• Exercise: Give again, word for word, every line below from the one that has "Sei dabei, wenn" through the one that has "ZARF Italian Staple", both included, and no others.
-- Supplied material follows --
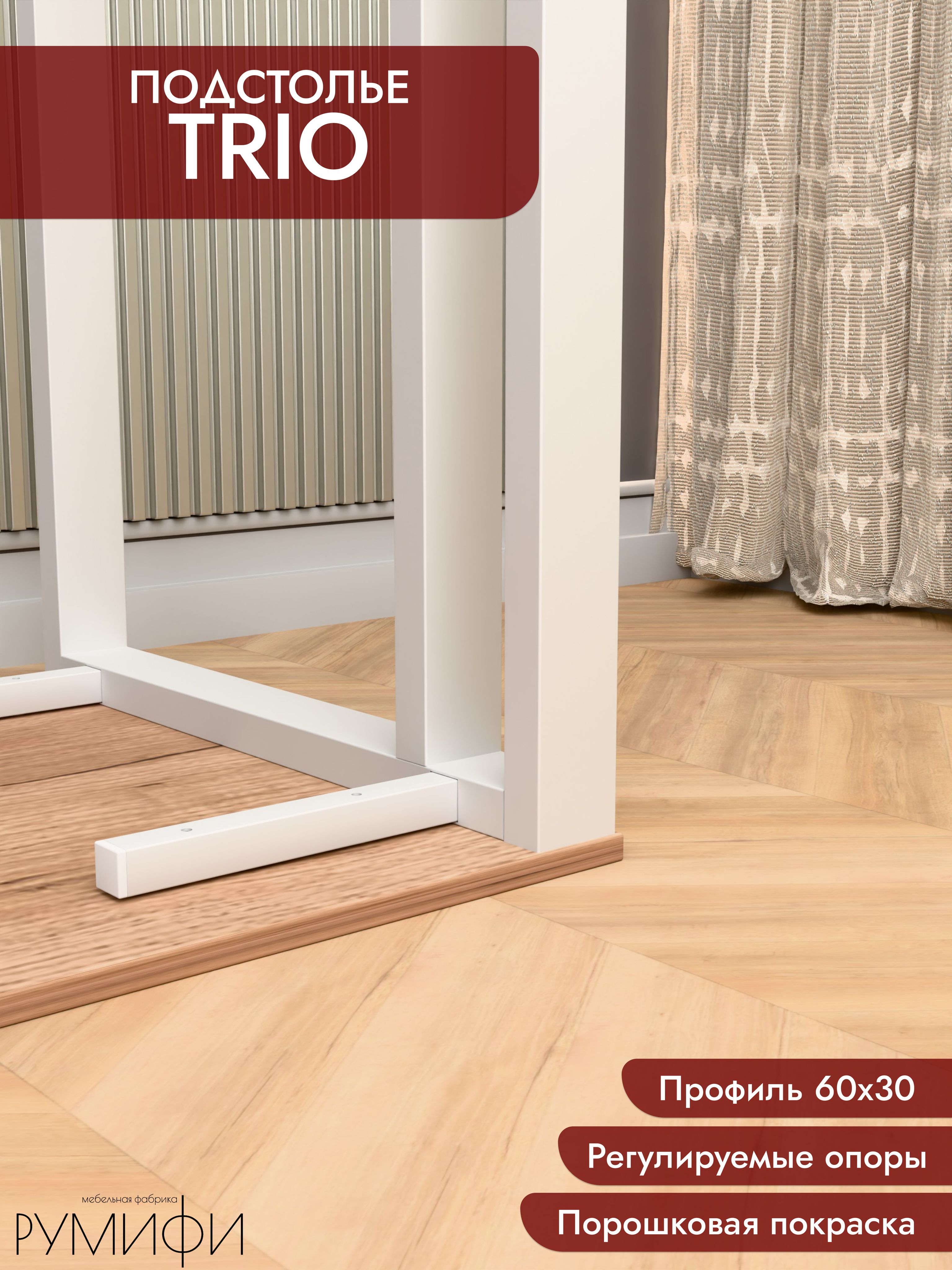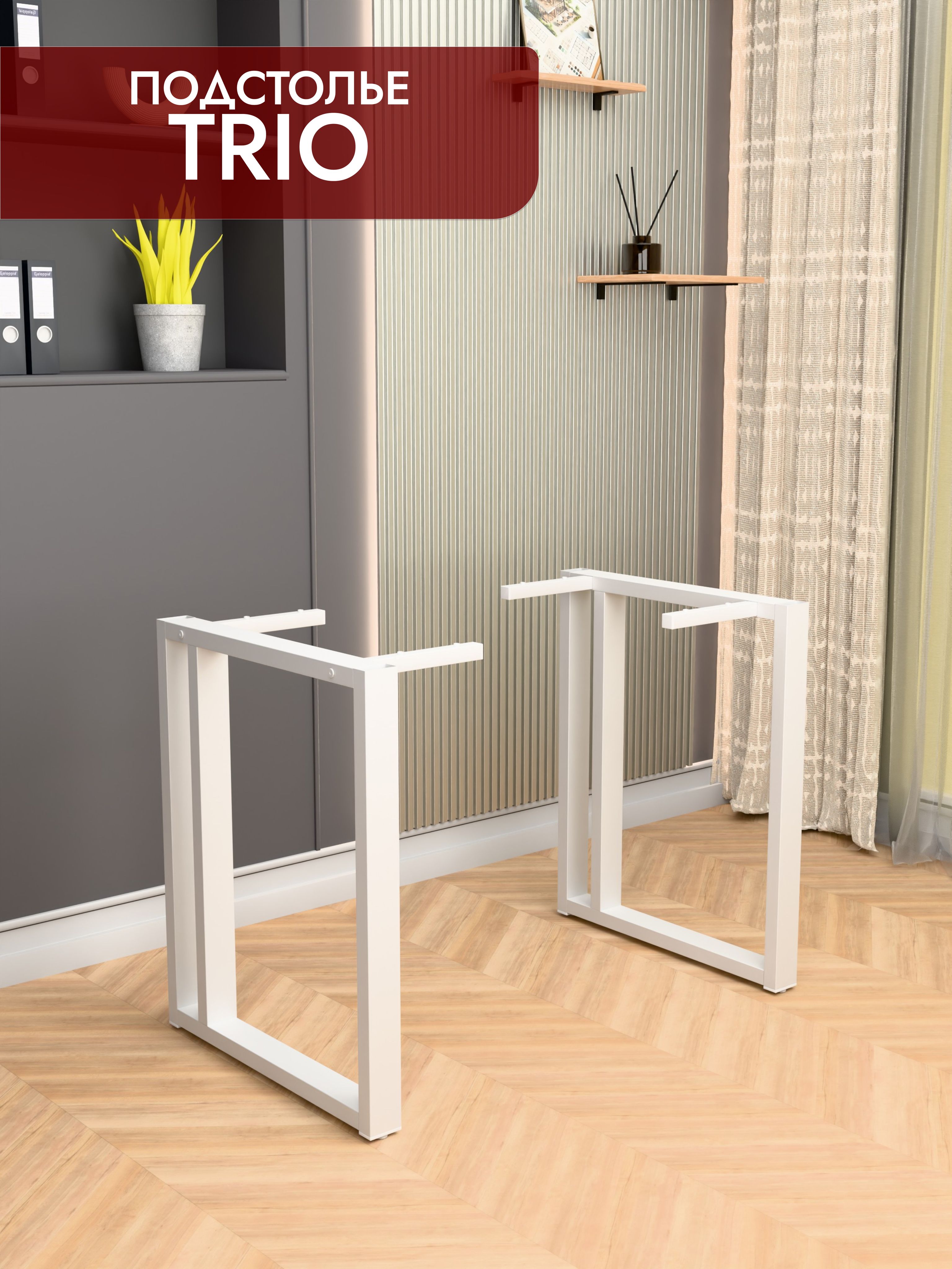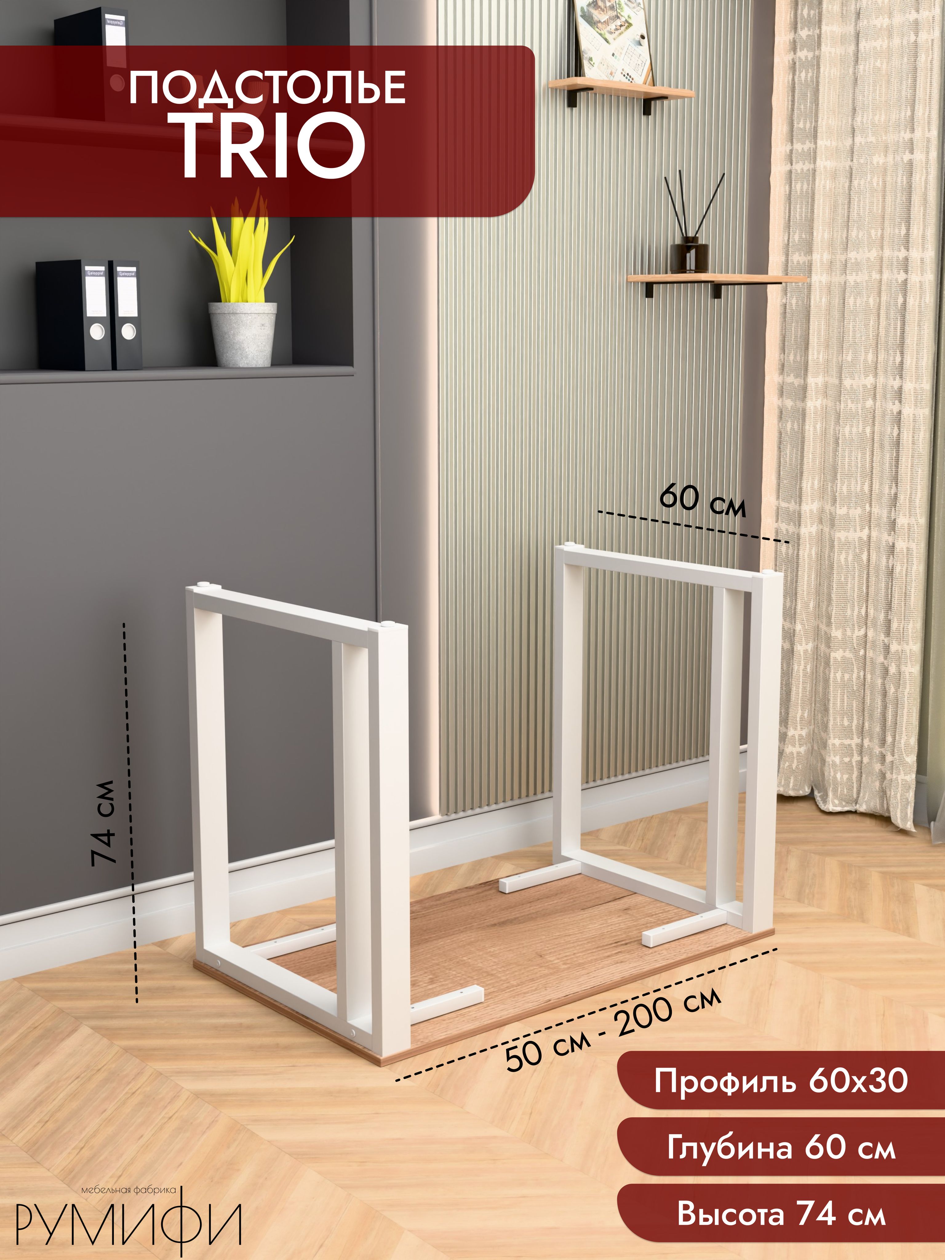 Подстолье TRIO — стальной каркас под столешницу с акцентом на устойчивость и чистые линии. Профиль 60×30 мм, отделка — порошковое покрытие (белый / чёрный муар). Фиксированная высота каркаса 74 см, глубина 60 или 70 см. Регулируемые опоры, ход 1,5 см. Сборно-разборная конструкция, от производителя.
-- Supplied material concluded --
-- Supplied material follows --
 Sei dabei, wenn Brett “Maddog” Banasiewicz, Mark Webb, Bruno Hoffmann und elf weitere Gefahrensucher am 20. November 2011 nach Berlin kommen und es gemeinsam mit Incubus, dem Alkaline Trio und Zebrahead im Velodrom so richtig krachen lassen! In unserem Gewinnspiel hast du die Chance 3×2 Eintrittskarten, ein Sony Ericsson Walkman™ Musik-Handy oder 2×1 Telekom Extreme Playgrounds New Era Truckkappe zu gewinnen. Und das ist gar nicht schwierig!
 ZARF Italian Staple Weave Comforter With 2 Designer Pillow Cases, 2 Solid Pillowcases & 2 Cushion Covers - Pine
-- Supplied material concluded --
• Answer to the problem:
 Sei dabei, wenn Brett “Maddog” Banasiewicz, Mark Webb, Bruno Hoffmann und elf weitere Gefahrensucher am 20. November 2011 nach Berlin kommen und es gemeinsam mit Incubus, dem Alkaline Trio und Zebrahead im Velodrom so richtig krachen lassen! In unserem Gewinnspiel hast du die Chance 3×2 Eintrittskarten, ein Sony Ericsson Walkman™ Musik-Handy oder 2×1 Telekom Extreme Playgrounds New Era Truckkappe zu gewinnen. Und das ist gar nicht schwierig!
 ZARF Italian Staple Weave Comforter With 2 Designer Pillow Cases, 2 Solid Pillowcases & 2 Cushion Covers - Pine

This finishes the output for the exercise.